Exercise requirements:
The required output is an exact restatement of the lines, starting with the one that contains "Typické pro tento" and finishing with the last line of the listing. It contains no pictures.
═══ Extracted information
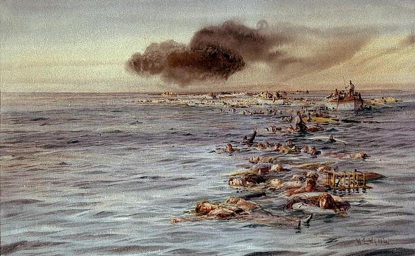 Keywords: Track of Lusitania.jpg en The track of Lusitania View of casualties and survivors in the water and in lifeboats ja 客船 ルシタニア の沈没後の様子 http //www nmm ac uk/searchbin/searchs pl exhibit it0237f axis 1223262115 flash false dev National Maritime Museum Greenwich Creator William Lionel Wyllie 1915-05-07 Public Domain PD-old Lusitania ship 1907 May 1915 William Lionel Wyllie |
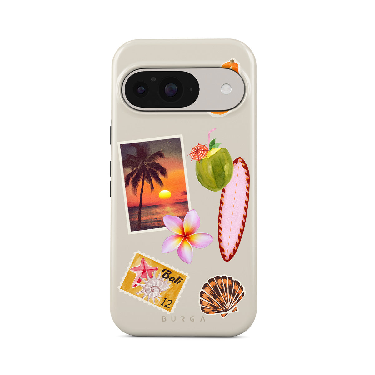 Typické pro tento motiv: fotografii tropického západu slunce, papáju, zelený kokosový ořech, růžový surf, růžový květ plumérie, oranžovou mušličku, pohlednici z Bali.
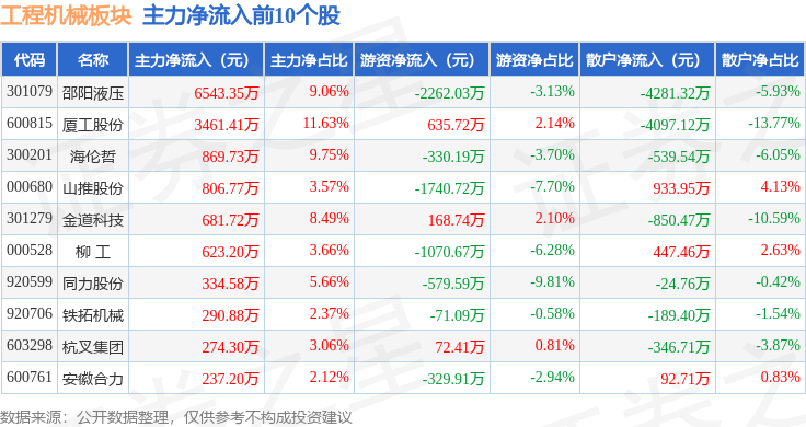 从资金流向上来看,当日工程机械板块主力资金净流出6654.89万元,游资资金净流出2553.45万元,散户资金净流入9208.33万元。工程机械板块个股资金流向见下表:
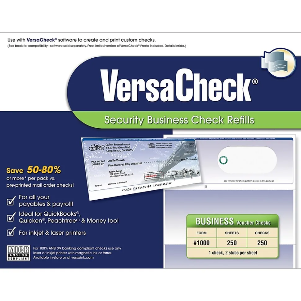 - Compatible with: VersaCheck, QuickBooks, Quicken, MS Money, and more
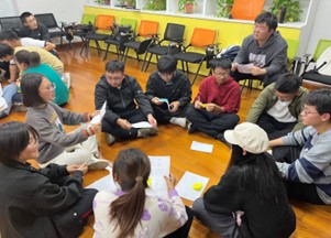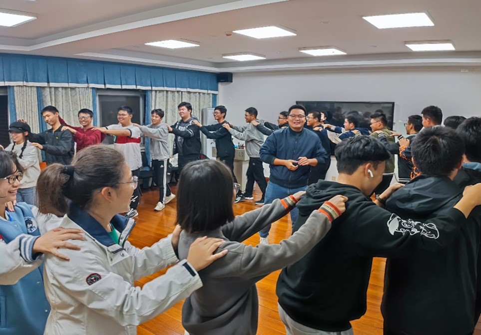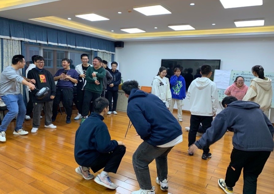 在正式游戏过程中,形式多样的团体游戏拉近了同学们之间的距离,培养了良好的团体意识。“姓名滚雪球”在考验记忆力的同时也有助于大家了解、熟悉彼此;“爬人梯”难以凭借一己之力完成,在整个小组背靠背共同向上站起的过程中,默契和信任缺一不可;“找自己”游戏中同学们通过握手交换身份,又在交流互助中找回自己名字对应的人。每次游戏结束后,团辅指导老师都会引导大家思考游戏背后的意义,让同学在收获了欢声笑语的同时也收获了心灵的感悟。
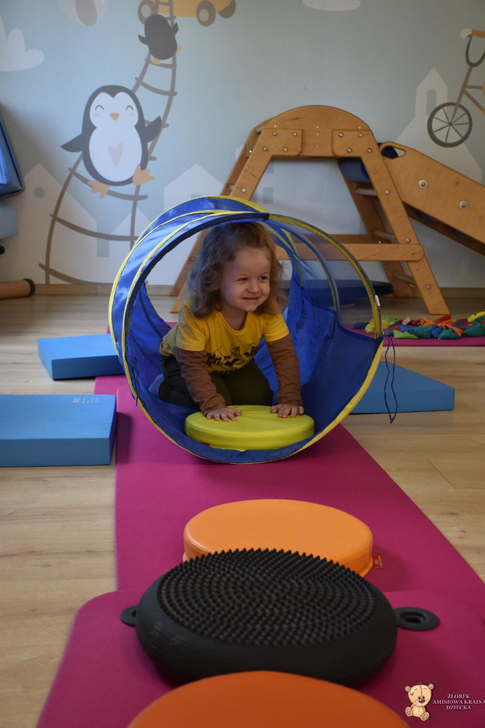 Dziś na zajęciach Integracji Sensorycznej Ciocia naszykowała dla Amisiaków duuużyyy sensoryczny tor przeszkód. Była wspinaczka, zjazdy, chodzenie po różnorodnym podłożu, tunel. Amisiaki planowały, rozwijały, utrwalały czynności ruchowe, starały się utrzymać równowagę, działać precyzyjnie. Zauważyć można dużą samodzielność, śmiałość, zaangażowanie i chęć do aktywności sensorycznych. Amisiaki spisały się na medal. Brawo!
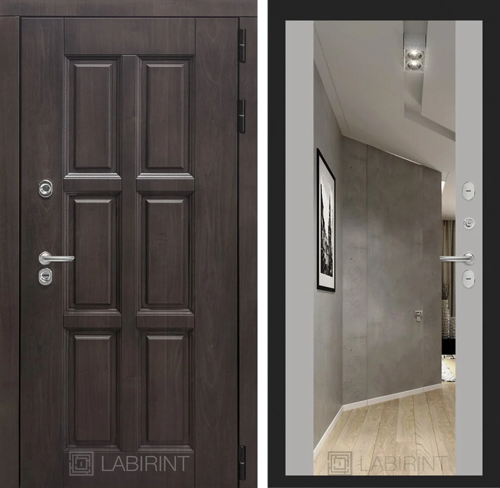 Внутренняя сторона украшена декоративной панелью с широким зеркалом, визуально расширяющим пространство прихожей.
══════
Response to the exercise:
 Typické pro tento motiv: fotografii tropického západu slunce, papáju, zelený kokosový ořech, růžový surf, růžový květ plumérie, oranžovou mušličku, pohlednici z Bali.
 从资金流向上来看,当日工程机械板块主力资金净流出6654.89万元,游资资金净流出2553.45万元,散户资金净流入9208.33万元。工程机械板块个股资金流向见下表:
 - Compatible with: VersaCheck, QuickBooks, Quicken, MS Money, and more
 在正式游戏过程中,形式多样的团体游戏拉近了同学们之间的距离,培养了良好的团体意识。“姓名滚雪球”在考验记忆力的同时也有助于大家了解、熟悉彼此;“爬人梯”难以凭借一己之力完成,在整个小组背靠背共同向上站起的过程中,默契和信任缺一不可;“找自己”游戏中同学们通过握手交换身份,又在交流互助中找回自己名字对应的人。每次游戏结束后,团辅指导老师都会引导大家思考游戏背后的意义,让同学在收获了欢声笑语的同时也收获了心灵的感悟。
 Dziś na zajęciach Integracji Sensorycznej Ciocia naszykowała dla Amisiaków duuużyyy sensoryczny tor przeszkód. Była wspinaczka, zjazdy, chodzenie po różnorodnym podłożu, tunel. Amisiaki planowały, rozwijały, utrwalały czynności ruchowe, starały się utrzymać równowagę, działać precyzyjnie. Zauważyć można dużą samodzielność, śmiałość, zaangażowanie i chęć do aktywności sensorycznych. Amisiaki spisały się na medal. Brawo!
 Внутренняя сторона украшена декоративной панелью с широким зеркалом, визуально расширяющим пространство прихожей.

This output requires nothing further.